Work instructions:
Using only the entries below, copy exactly the lines that begin at the one with "A vintage cased" and end at the one with "Join us on Thursday, April", both included. Drop the pictures.

Top of Records supplied

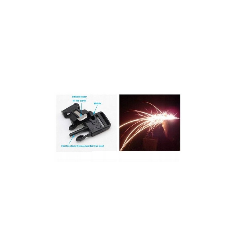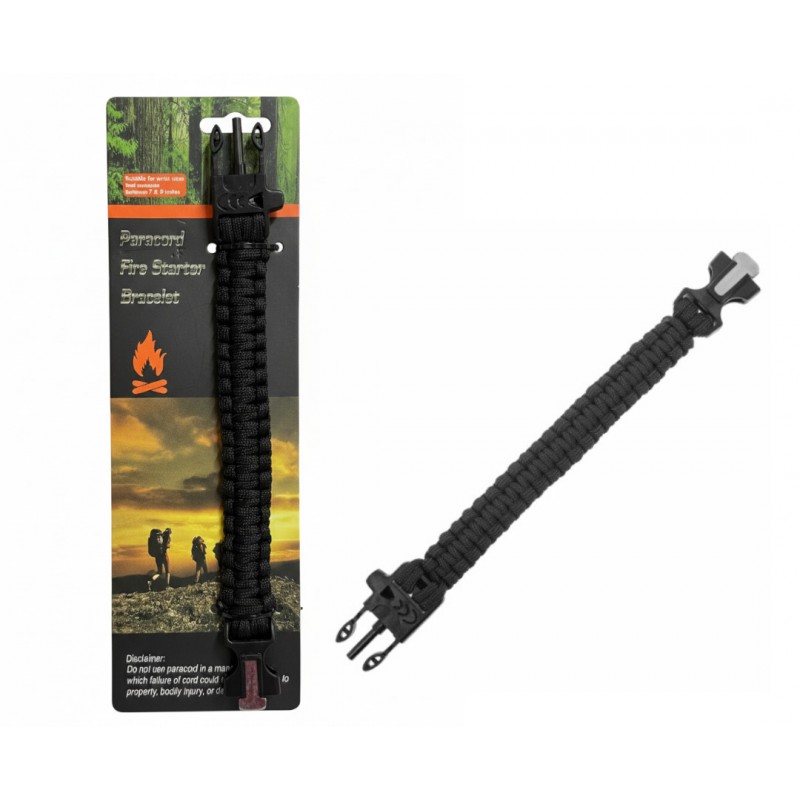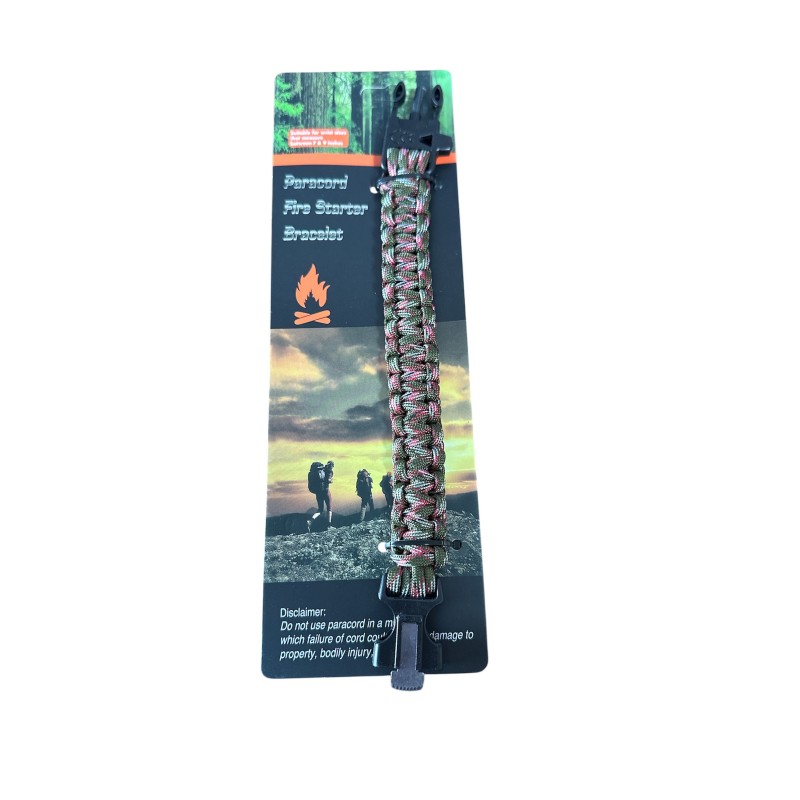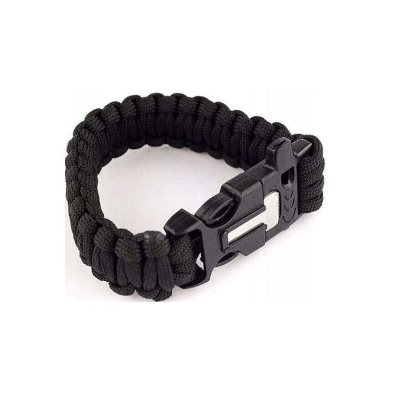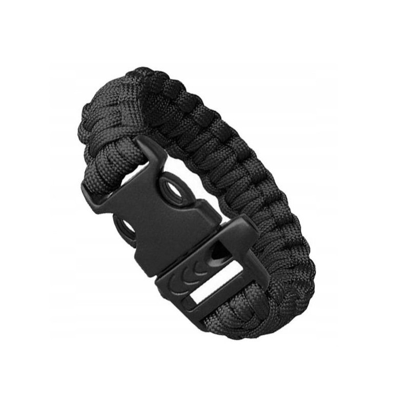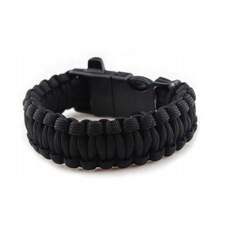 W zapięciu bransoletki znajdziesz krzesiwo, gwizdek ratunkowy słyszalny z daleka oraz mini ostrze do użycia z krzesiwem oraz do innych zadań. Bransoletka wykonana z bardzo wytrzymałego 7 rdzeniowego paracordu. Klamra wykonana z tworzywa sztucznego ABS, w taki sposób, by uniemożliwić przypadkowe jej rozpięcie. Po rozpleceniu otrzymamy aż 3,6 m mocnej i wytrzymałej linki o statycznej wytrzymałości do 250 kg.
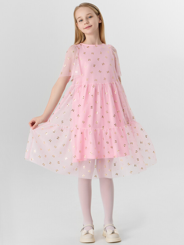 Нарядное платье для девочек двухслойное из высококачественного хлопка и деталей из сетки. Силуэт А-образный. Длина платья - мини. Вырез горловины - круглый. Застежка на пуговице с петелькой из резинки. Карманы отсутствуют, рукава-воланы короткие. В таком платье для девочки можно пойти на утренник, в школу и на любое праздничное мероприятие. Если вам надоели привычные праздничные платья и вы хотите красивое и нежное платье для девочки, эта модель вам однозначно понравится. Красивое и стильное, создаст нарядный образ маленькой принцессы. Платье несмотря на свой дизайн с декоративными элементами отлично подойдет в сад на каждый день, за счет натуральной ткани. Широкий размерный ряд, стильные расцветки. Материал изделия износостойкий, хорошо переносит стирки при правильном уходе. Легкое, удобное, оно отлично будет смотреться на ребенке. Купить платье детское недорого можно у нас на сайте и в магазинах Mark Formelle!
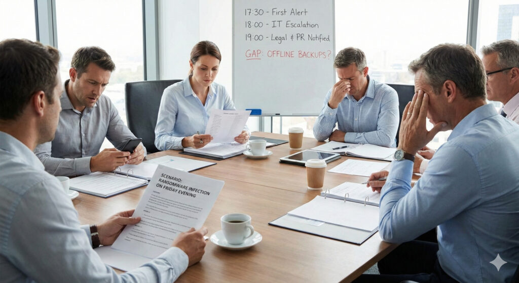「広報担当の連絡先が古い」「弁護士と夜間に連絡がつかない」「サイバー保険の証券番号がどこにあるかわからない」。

Bottom of Records supplied
Top of Records supplied

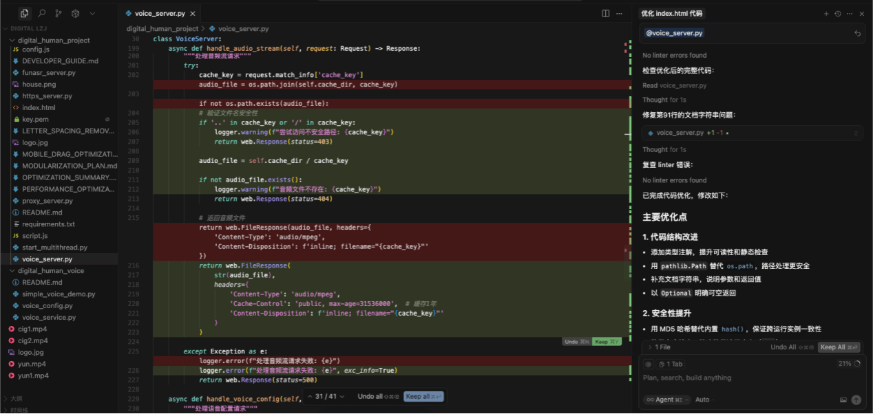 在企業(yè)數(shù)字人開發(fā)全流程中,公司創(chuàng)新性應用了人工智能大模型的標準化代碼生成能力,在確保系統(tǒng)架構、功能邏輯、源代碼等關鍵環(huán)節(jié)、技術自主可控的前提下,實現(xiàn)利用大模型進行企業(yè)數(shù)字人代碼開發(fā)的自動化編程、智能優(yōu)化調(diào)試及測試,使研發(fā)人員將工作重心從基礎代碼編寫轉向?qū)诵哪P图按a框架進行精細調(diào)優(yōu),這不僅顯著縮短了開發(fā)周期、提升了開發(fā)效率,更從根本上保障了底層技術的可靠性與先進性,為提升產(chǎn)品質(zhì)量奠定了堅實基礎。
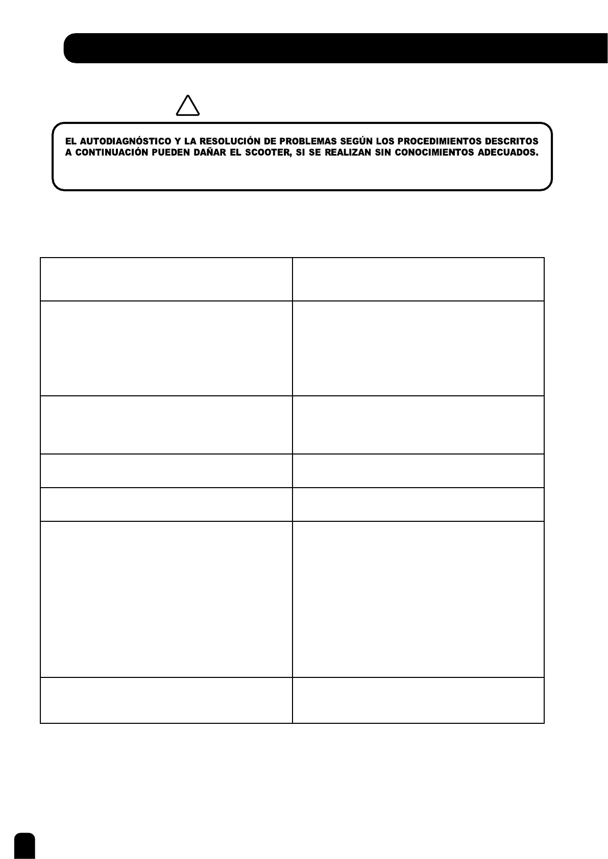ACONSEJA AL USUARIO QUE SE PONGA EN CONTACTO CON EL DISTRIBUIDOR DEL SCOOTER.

Bottom of Records supplied
Top of Records supplied

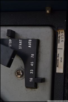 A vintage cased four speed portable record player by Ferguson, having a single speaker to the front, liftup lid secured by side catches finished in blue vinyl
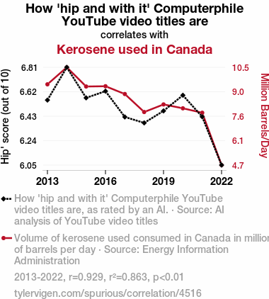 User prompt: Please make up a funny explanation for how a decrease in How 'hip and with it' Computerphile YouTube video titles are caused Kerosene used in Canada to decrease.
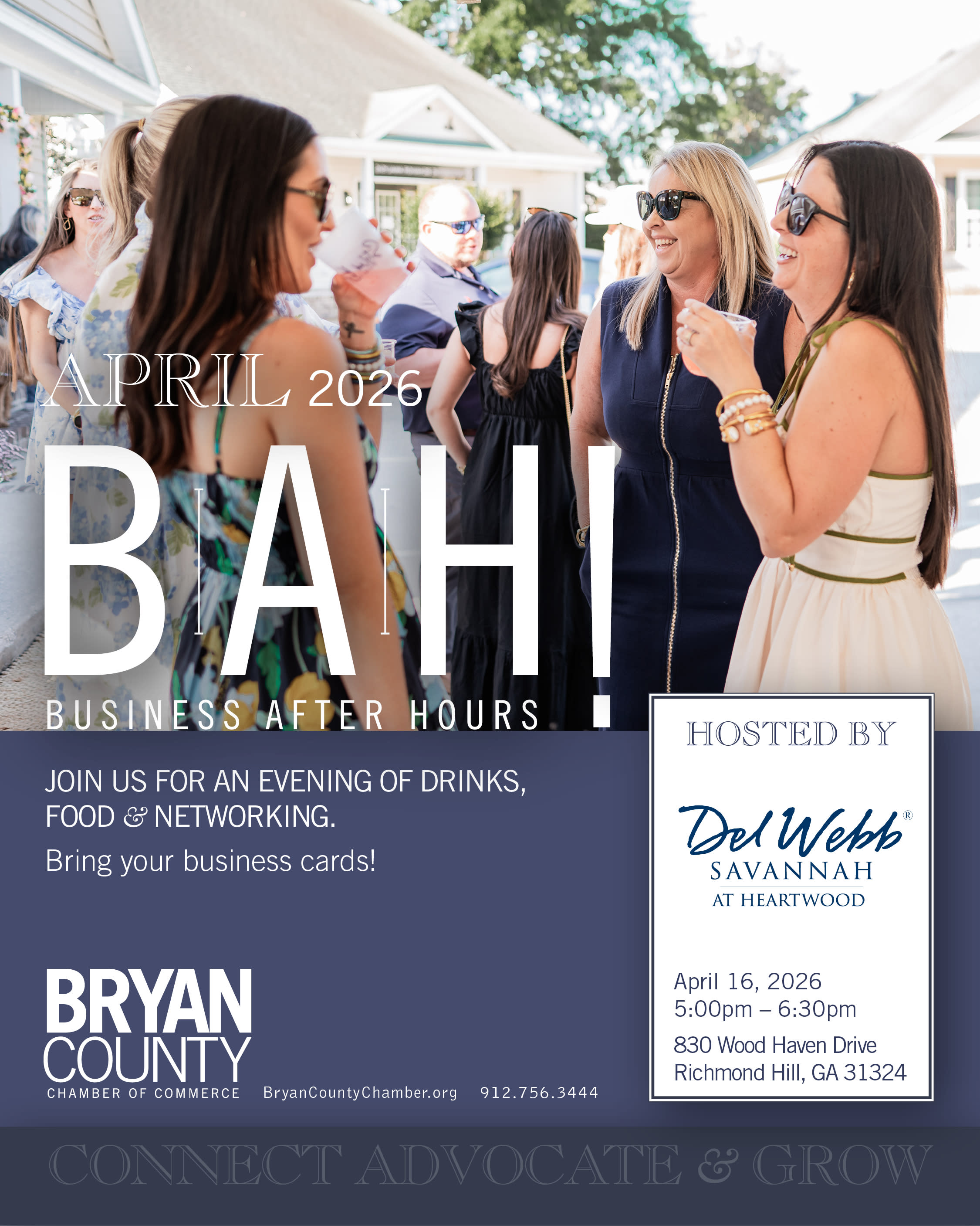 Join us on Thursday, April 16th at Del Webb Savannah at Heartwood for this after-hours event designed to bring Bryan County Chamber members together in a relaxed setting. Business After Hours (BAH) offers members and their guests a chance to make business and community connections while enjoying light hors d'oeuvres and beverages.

Bottom of Records supplied

Exercise result:
 A vintage cased four speed portable record player by Ferguson, having a single speaker to the front, liftup lid secured by side catches finished in blue vinyl
 User prompt: Please make up a funny explanation for how a decrease in How 'hip and with it' Computerphile YouTube video titles are caused Kerosene used in Canada to decrease.
 Join us on Thursday, April 16th at Del Webb Savannah at Heartwood for this after-hours event designed to bring Bryan County Chamber members together in a relaxed setting. Business After Hours (BAH) offers members and their guests a chance to make business and community connections while enjoying light hors d'oeuvres and beverages.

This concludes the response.